With gusty winds thrashing the trees and rain pelting on the windows I easily rolled over and snuggled under the doona, content to procrastinate getting up a little longer. The forecast of ‘rain clearing’ was fighting a losing battle against the lashing rain. Con and I had planned to leave at 7am for the hour’s drive into the Megalong Valley to start our two day hike into the Wild Dog Mountains.
Thoughts of campfire warmth battled with notions of frosty ice on the tent as the clock ticked and I stayed under the doona. I tend to wake early now that my daily rhythm is more in tune with the natural cycle, but my affinity for warmth is keeping my feet from planting on the cold floor. The clock strikes yet another quarter hour since the 5 am chimes, and eventually the campfire wins.
As the sky begins to lighten the rain stops, and we begin to see clear sky in the distance – towards the Melalong Valley. Procastinating no more, we get the start of the trail before 9 and the sky is blue enough in places to lift our expectations.

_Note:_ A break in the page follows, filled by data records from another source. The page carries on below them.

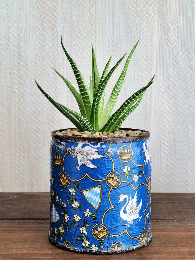 わかりやすいように、白鳥のリメ缶に白鳥を植えました❕😄👍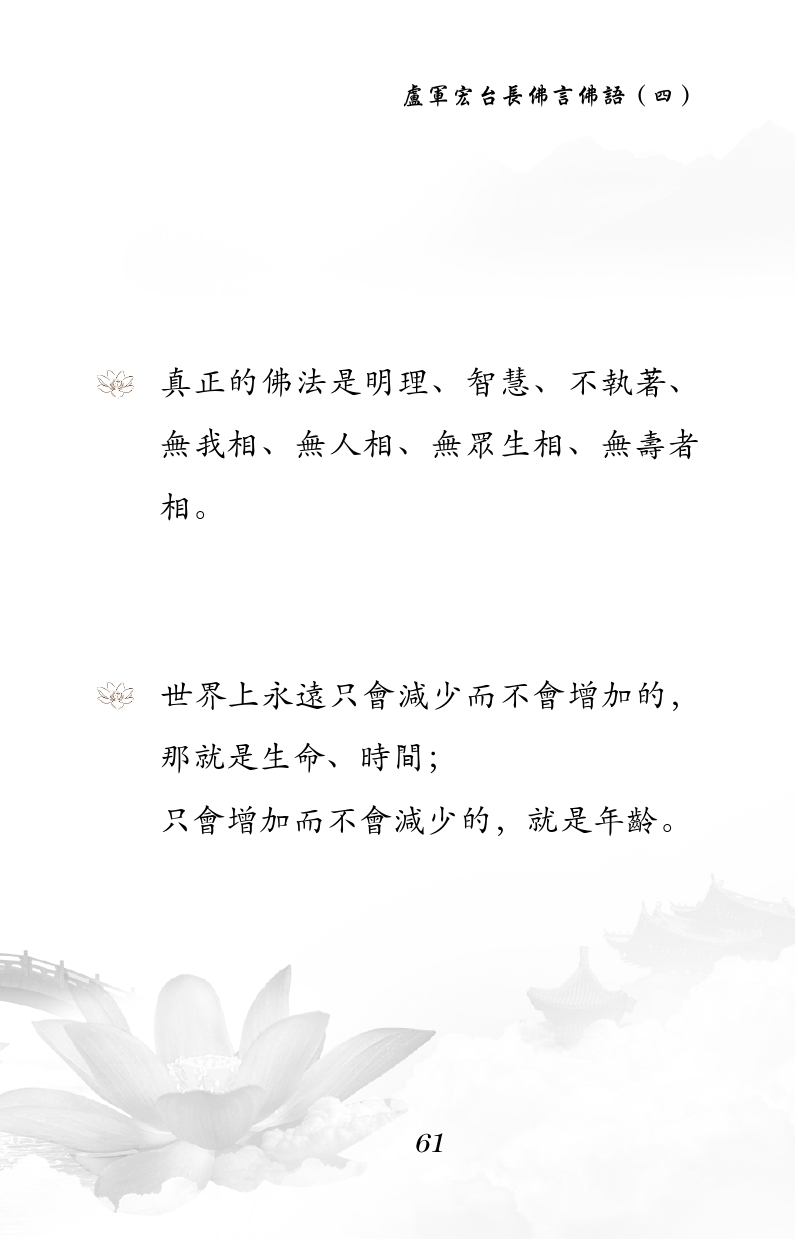 不限会员 真正的佛法是明理、智慧、不执着、 无我相、无人相、无众生相、无寿者相。 世界上永远只会减少而不会增加的, 那就是生命、时间; 只会增加而不会减少的,就是年龄。 |佛言佛语 第四册
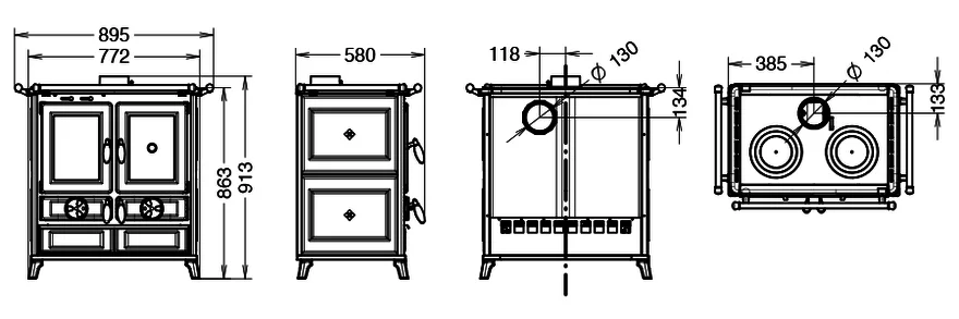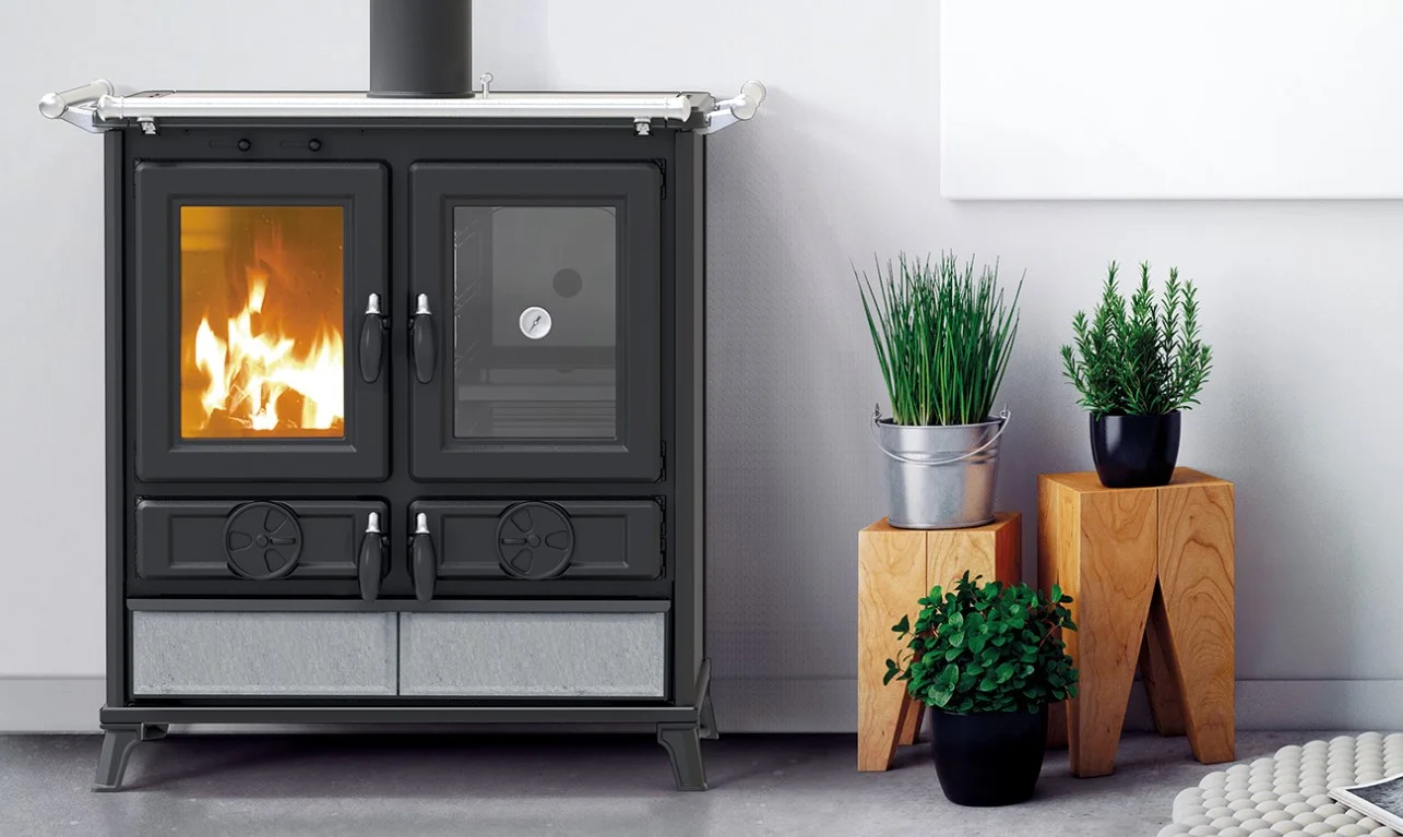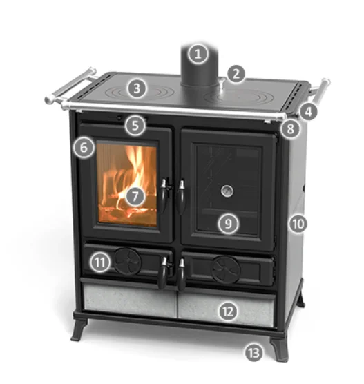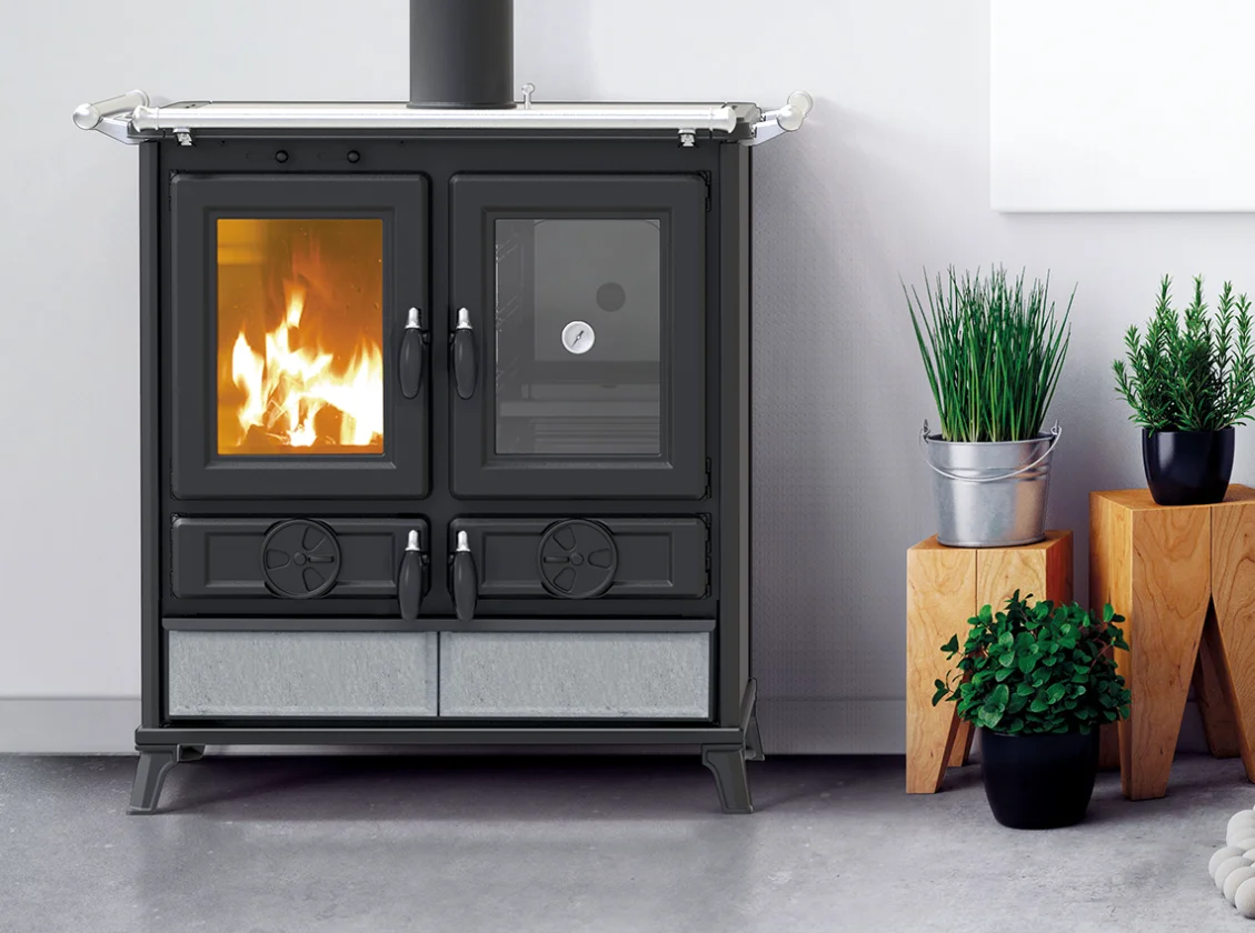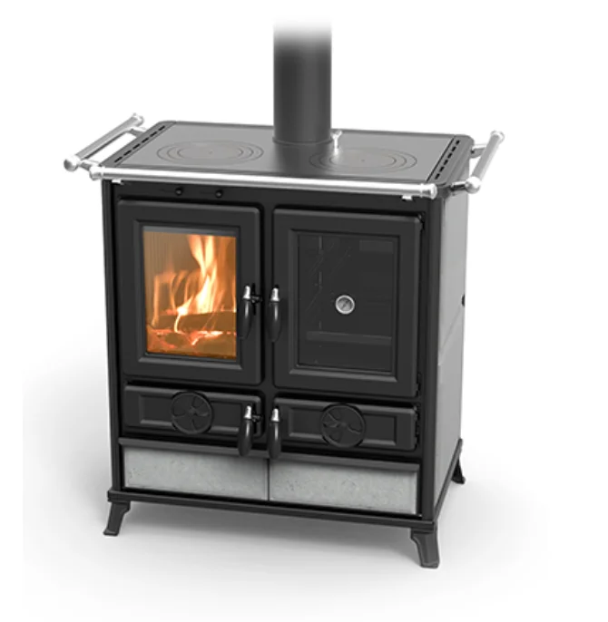 Kuchnia jest wyposażona w piekarnik znajdujący się obok paleniska. Piekarnik posiada osobne drzwiczki z termometrem, co umożliwia komfortowe pieczenie potraw. Dodatkowo na górze kuchni wolnostojącej znajduje się płyta grzewcza z fajerkami. W rezultacie dzięki jednemu piecykowi zyskujemy możliwość ogrzewania, gotowania i pieczenia jednocześnie. Kolejnym atutem kuchni na drewno jest niezależność jaką nam dają. Nawet w przypadku przerw w dostawie mediów w naszym domu jest ciepło i pachnie domowym obiadem, pizzą czy ciastem.

We take the fire trail option – a more gentle track to start, and not so hard going if the rain returns. We plan to camp at Mobbs Swamp and we’ve been told there’s a dry cave there where we can sleep if the weather deteriorates. Mobbs Swamp is not so swampy after all and there’s plenty of gently sloping campsites among the trees.
We set up camp and boil the billy by 1.30pm which leaves us plenty of time for a walk up to Splendour Rock to check out the view. Without 18kg to lug in our packs its a much easier walk even though its steep for the last few hundred metres.

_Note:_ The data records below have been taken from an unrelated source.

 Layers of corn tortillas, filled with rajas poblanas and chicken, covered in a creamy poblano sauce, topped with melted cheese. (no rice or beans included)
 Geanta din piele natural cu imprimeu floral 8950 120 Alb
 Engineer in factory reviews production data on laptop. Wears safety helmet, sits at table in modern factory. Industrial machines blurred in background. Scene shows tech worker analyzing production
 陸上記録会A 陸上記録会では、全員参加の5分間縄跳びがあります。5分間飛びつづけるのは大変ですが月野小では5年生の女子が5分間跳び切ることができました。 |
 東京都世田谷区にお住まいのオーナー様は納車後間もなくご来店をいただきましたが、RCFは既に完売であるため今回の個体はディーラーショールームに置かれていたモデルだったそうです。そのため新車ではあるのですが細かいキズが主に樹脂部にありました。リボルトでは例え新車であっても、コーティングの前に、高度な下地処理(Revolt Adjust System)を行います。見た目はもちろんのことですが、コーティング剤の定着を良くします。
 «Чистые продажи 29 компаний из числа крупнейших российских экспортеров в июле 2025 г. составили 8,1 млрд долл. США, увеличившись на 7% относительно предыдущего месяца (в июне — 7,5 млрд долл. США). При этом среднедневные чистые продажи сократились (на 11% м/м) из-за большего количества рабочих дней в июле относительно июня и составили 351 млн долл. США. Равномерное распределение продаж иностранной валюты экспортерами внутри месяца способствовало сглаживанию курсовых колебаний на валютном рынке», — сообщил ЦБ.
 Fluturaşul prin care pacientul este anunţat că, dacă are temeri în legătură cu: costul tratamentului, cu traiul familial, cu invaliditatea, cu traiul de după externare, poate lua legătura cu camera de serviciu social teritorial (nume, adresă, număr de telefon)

From Splendour Rock the view to the east takes in the tail end of Lake Burragorang – the waters of Warragamba dam. And to the southwest we can look down the spine of Blue Dog Ridge – our route for tomorrow. Blue Dog Ridge will take us down to the Cox’s River right at the junction of Breakfast Creek about 700m below us.
Back at camp before sunset I get my chance to prove the value of lugging a half decent frypan to the wilds. As well I can lighten my pack by kilos as I remove the weight of rack of lamb and assorted vegetables for roasting over the coaly fire that Con has stoked up. With full bellies we hit the sack by 7.30 as the wind comes back with a vengence.
Sounding like jumbo jet taking off the wind roars up the valley to shake our camp trees before dropping to a quiet lull again. Such a gusty variable wind is harder to sleep with than one that stays constantly howling. Even so, sleep still comes and prepares us for our day’s walk down to the Cox’s River and then back up breakfast creek to our second camp.
A slight detour off Blue Dog Ridge takes us to Knights Deck for a closer view of Breakfast Creek. We stop there for lunch and speculate about which spur leading into breakfast creek is the one with the flat campsite.
Back to Blue Dog Ridge and going down can seem as hard as going up – especially with a pack being a quarter of my bodyweight. The track up Breakfast Creek crosses over maybe 30 times before the camp and at many crossings the track vanishes leaving us to wonder at the way forward.
We make camp by 4pm at a lovely river flat on Breakfast Creek and have enough light to get the fire going for Con’s special salmon risotto. Its a still starry night – which bodes well for a good sleep and a good frost.
Deep in the valley the sun doesn’t reach the grass until after 9 am so we dawdle over bacon and eggs breakfast while we hope for the sun to thaw out the ice on the tents. But its getting thicker as the morning unfolds, so we abandon hope of thawing and drying, and pack up anyway. The walk out takes a few hours and Con is patient with my slow pace uphill pace. We boil the billy at Dunphy’s campground before returning to the wilds of civilisation, hoping to keep hold of the inner peace that comes with being in the bush.